Try it →
Set down exactly the lines that run from the one containing "Créez un cadeau" to the end of the material below, both included, without pictures.
:: Entries provided ::
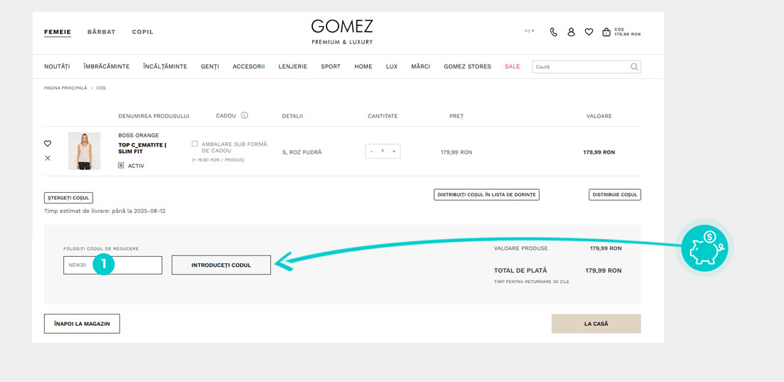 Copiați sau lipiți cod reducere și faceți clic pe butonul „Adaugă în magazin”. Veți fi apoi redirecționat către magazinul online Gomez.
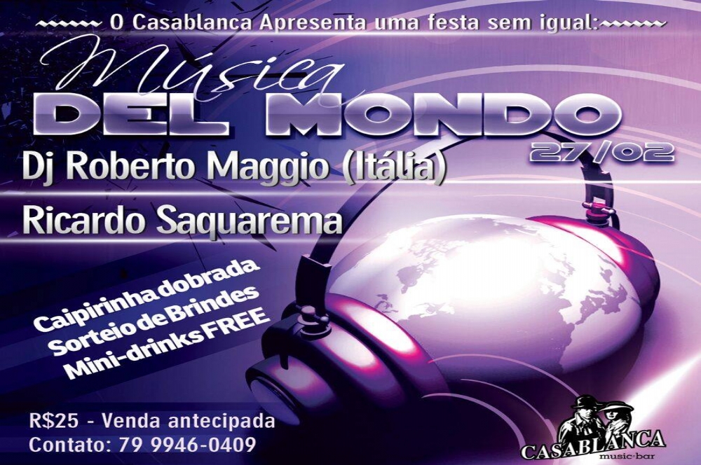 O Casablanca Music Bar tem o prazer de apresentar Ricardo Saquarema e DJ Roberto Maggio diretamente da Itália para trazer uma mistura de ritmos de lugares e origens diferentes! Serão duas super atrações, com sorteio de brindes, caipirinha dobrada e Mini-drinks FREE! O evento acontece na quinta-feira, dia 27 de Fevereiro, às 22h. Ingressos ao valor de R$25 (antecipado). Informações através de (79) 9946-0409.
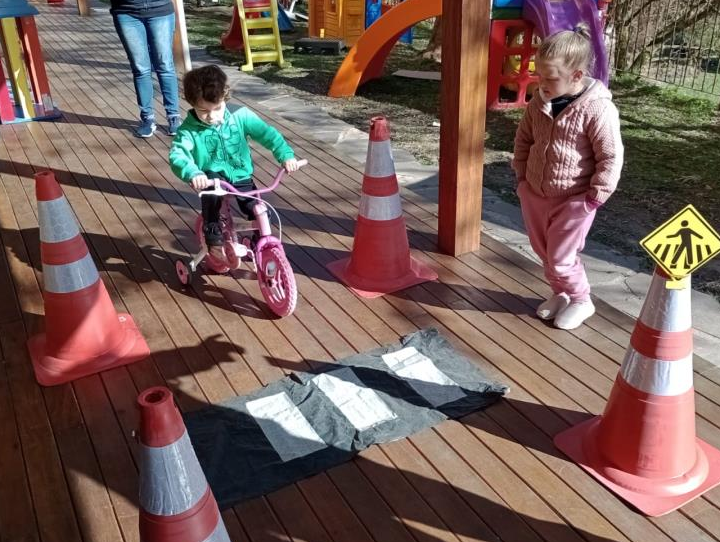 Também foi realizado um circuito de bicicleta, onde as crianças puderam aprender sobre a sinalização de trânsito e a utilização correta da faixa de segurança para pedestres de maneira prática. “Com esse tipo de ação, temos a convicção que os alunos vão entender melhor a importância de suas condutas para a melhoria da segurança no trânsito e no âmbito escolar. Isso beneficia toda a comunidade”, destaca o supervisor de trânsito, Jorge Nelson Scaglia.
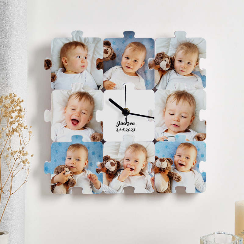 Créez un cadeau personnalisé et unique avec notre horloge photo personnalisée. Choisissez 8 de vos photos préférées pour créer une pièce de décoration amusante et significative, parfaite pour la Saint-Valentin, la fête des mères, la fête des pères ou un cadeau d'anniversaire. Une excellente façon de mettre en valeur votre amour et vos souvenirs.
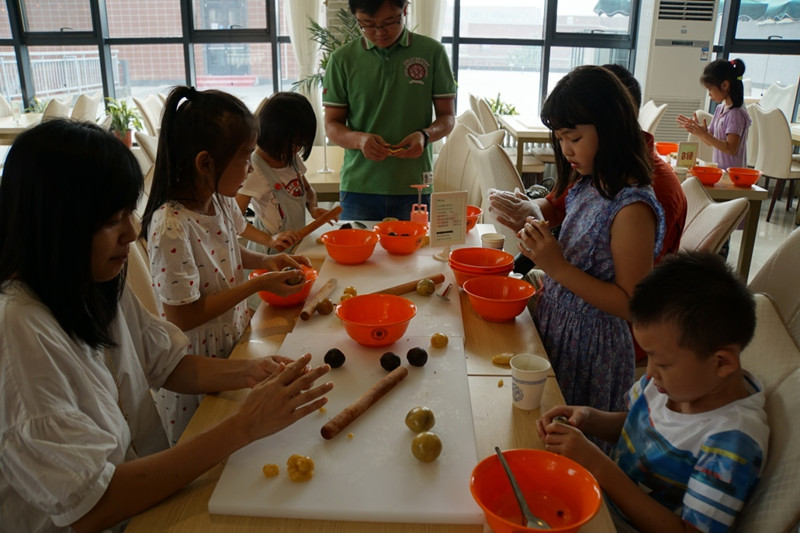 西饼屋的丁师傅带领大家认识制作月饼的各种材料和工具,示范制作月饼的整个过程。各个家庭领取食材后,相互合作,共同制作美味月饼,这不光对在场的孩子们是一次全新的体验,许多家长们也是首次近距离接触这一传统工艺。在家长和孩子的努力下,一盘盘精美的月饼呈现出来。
:::
Response to the task →
 Créez un cadeau personnalisé et unique avec notre horloge photo personnalisée. Choisissez 8 de vos photos préférées pour créer une pièce de décoration amusante et significative, parfaite pour la Saint-Valentin, la fête des mères, la fête des pères ou un cadeau d'anniversaire. Une excellente façon de mettre en valeur votre amour et vos souvenirs.
 西饼屋的丁师傅带领大家认识制作月饼的各种材料和工具,示范制作月饼的整个过程。各个家庭领取食材后,相互合作,共同制作美味月饼,这不光对在场的孩子们是一次全新的体验,许多家长们也是首次近距离接触这一传统工艺。在家长和孩子的努力下,一盘盘精美的月饼呈现出来。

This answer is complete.